#### Problem to solve:
Pictures stay out of the copy; output exactly the lines from the one containing "Столешница с интегрированным" through the end of the material.

#### Raw data:
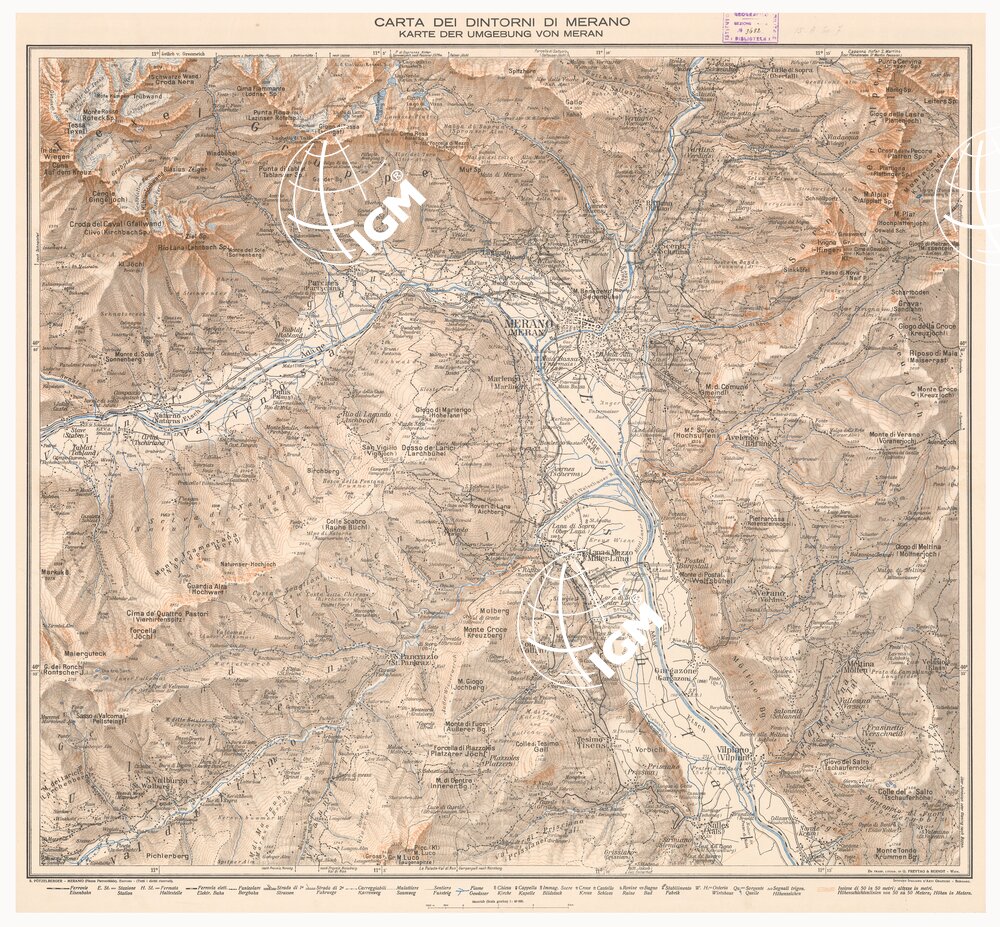 Un foglio a colori con orografia dimostrata a mezzo di curve di livello tracciate in bistro alla equidistanza di 50 m. sussidiate da sfumo, acque in azzurro, abitati e rete stradale in nero. In basso la leggenda dei segni convenzionali. Longitudini calcolate dal meridiano di Greenwich.
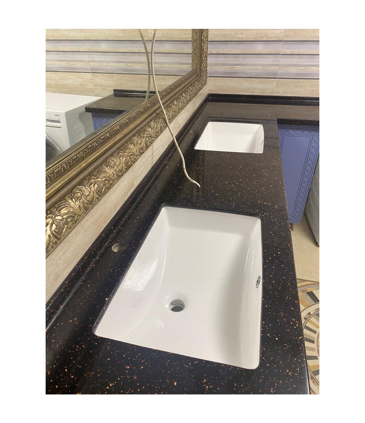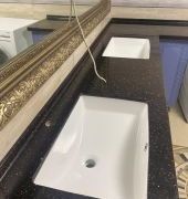 Столешница с интегрированным бортиком ( "литым" ), раковины подстольного монтажа.
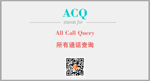 英文缩略词“ACQ”经常作为“All Call Query”的英文缩写来使用,中文表示:“所有通话查询”。本文将详细介绍英文缩写词ACQ所代表英文单词,其对应的中文拼音、详细解释以及在英语中的流行度。此外,还有关于缩略词ACQ的分类、应用领域及相关应用示例等。
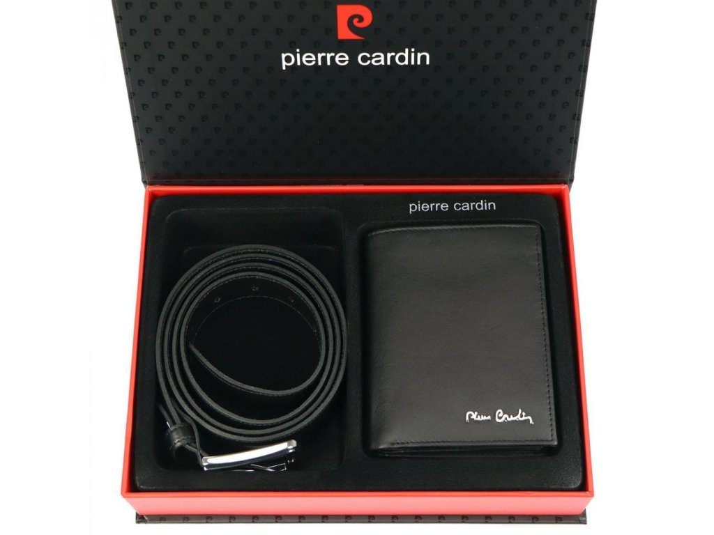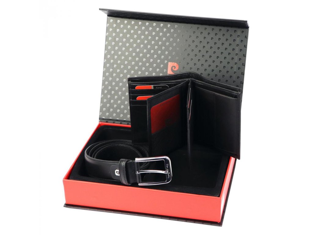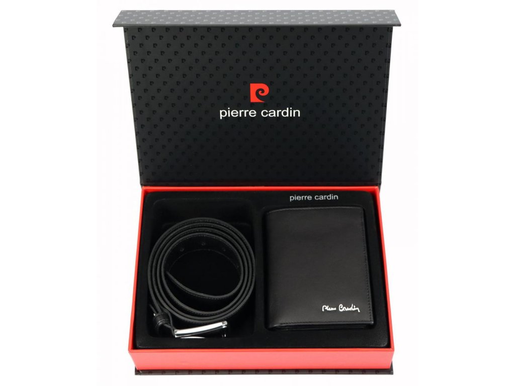 🖤 Pierre Cardin – Luxusná darčeková sada: Kožený opasok a peňaženka v čiernej farbe

#### Exercise response:
 Столешница с интегрированным бортиком ( "литым" ), раковины подстольного монтажа.
 英文缩略词“ACQ”经常作为“All Call Query”的英文缩写来使用,中文表示:“所有通话查询”。本文将详细介绍英文缩写词ACQ所代表英文单词,其对应的中文拼音、详细解释以及在英语中的流行度。此外,还有关于缩略词ACQ的分类、应用领域及相关应用示例等。
 🖤 Pierre Cardin – Luxusná darčeková sada: Kožený opasok a peňaženka v čiernej farbe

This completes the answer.